-The subject matter is likely to be mostly to totally outside of a person's technical depth and factual experience. (Here I try and think if someone asked me to decide some question related to something like advanced particle physics, chemistry, or the tax code).
-There is not that much time to figure out what is going on (these trials tend to last less than a week of 7 hour days).
-There are many different complex topics being addressed in that time span: the patents, what is being accused, etc.
-What is said is being said by competing groups of apparently competent people.
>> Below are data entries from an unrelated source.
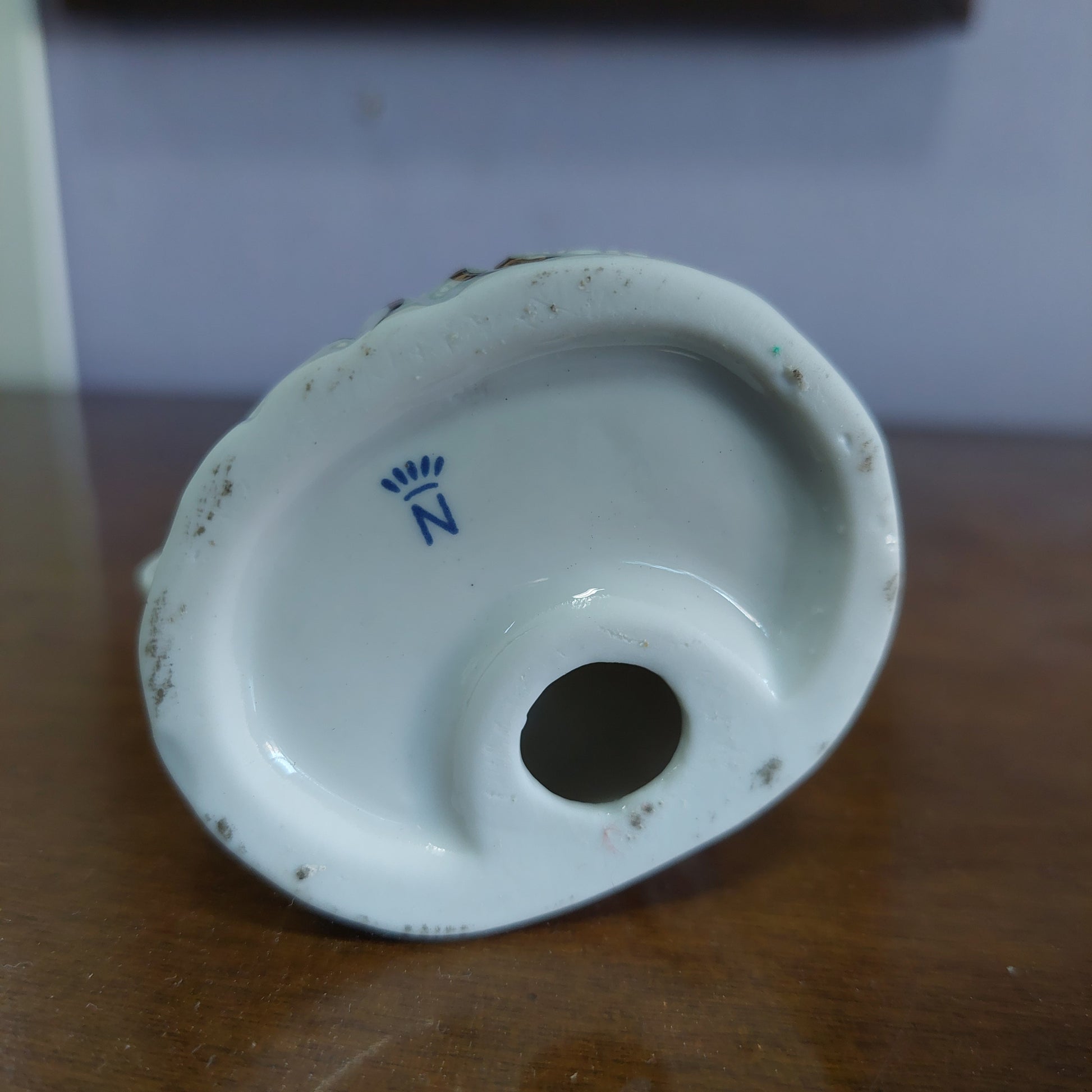 statutina damerino musicista con violino porcellana capodimonte decori oro e blu h14,5
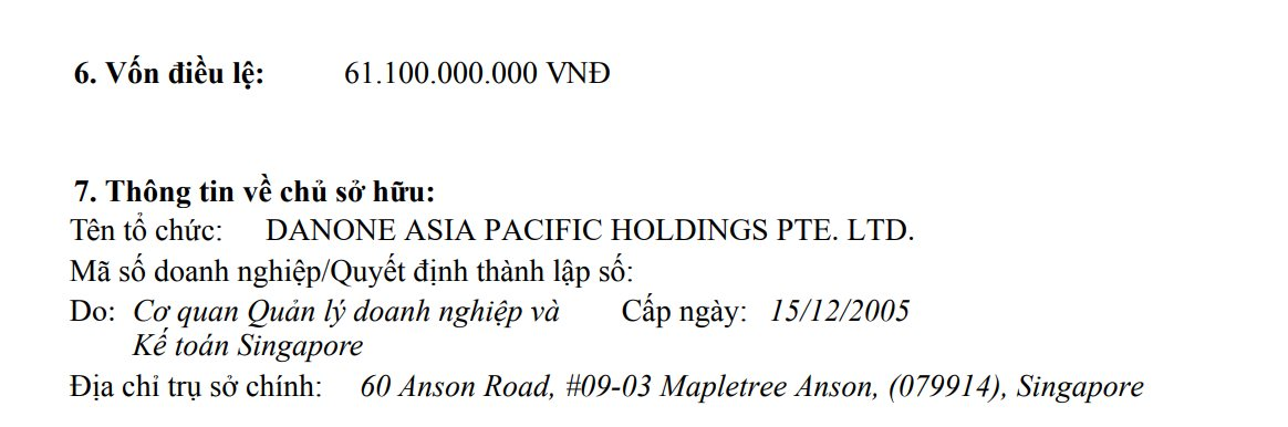 Theo dữ liệu, công ty này được thành lập từ tháng 4/2023. Khi đó, chủ sở hữu doanh nghiệp là Danone Asia Pacific Holdings Pte. Ltd, là pháp nhân tại Singapore của tập đoàn Pháp. Vốn điều lệ lúc thành lập là 61,1 tỷ đồng. Thời điểm này, Tổng giám đốc là Lusiana Eva, quốc tịch Indonesia.
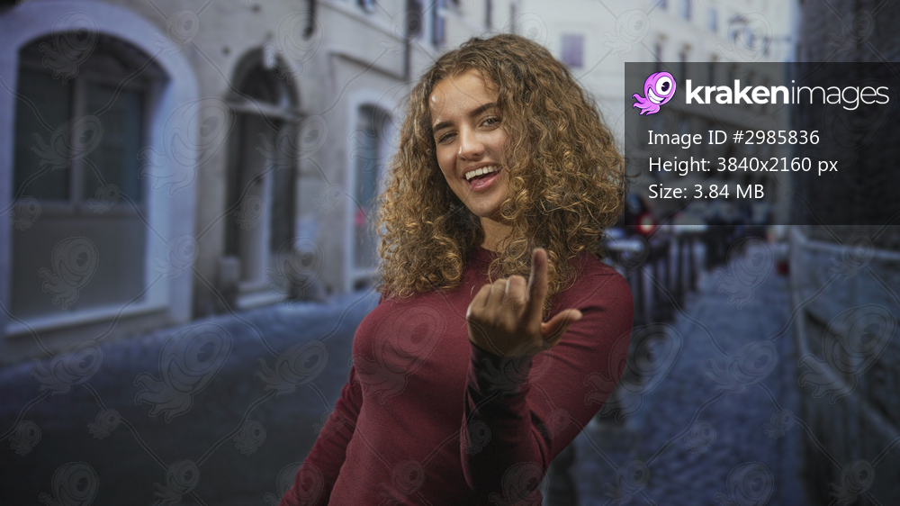 Woman with curly hair beckons with index finger and visible hand, smiling in a burgundy top on a cobblestone street; playful invitation.
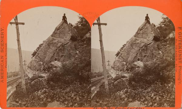 Depicts a man sitting on a tall boulder near the railroad tracks in the Pack Saddle, which is a deep gorge that runs through

-Those people are saying widely different things about the aforementioned complex subject matter.
-Everything is being said in an extremely serious environment (Federal Court) which lends substantial gravity to each side.
-Jurors are not to consult information beyond what is presented to them in court.
Not just "likely"; anyone who had such experience would get kicked off the jury.
Nobody on Hacker News will ever get to serve as a juror on a patent trial. (That cuts both ways, though: nobody biased towards patents will ever sit on a patent trial either.)
One of the easiest potential fixes to the US patent system would just remove the no longer warranted presumption of validity from patents.
I was disqualified from the jury on a drunk driving trial, because the defense was based in some way on the Breathalyzer and its design or calibration, and I have a BSCS.
Judges tend to think that everything should be resolved by the court, after all - they are paid to be there. Jurors tend to think that people should just sort things out without dragging innocent bystanders into a jury box.
Also, people with legal training are taught to think everything deserves compensation, and the only question is who to bill.
What does joe schmoe know about the nuances around patent law? There is a reason there are lawyers who specialize their entire practice just around patent law.
I think a system of appointed masters has its issues too. Theoretically, that is the PTOs role right?
The closest idea I've been able to think of is a modification to the jury system so that the base pool that jurors are randomly selected from consists of people with experience in that field. Essentially, the base pool is of persons of ordinary skill in the art. I have no idea how to practically implement that though.
Just curious--pretty much neutrally curious--do you feel the same way about medicine? Civil engineering?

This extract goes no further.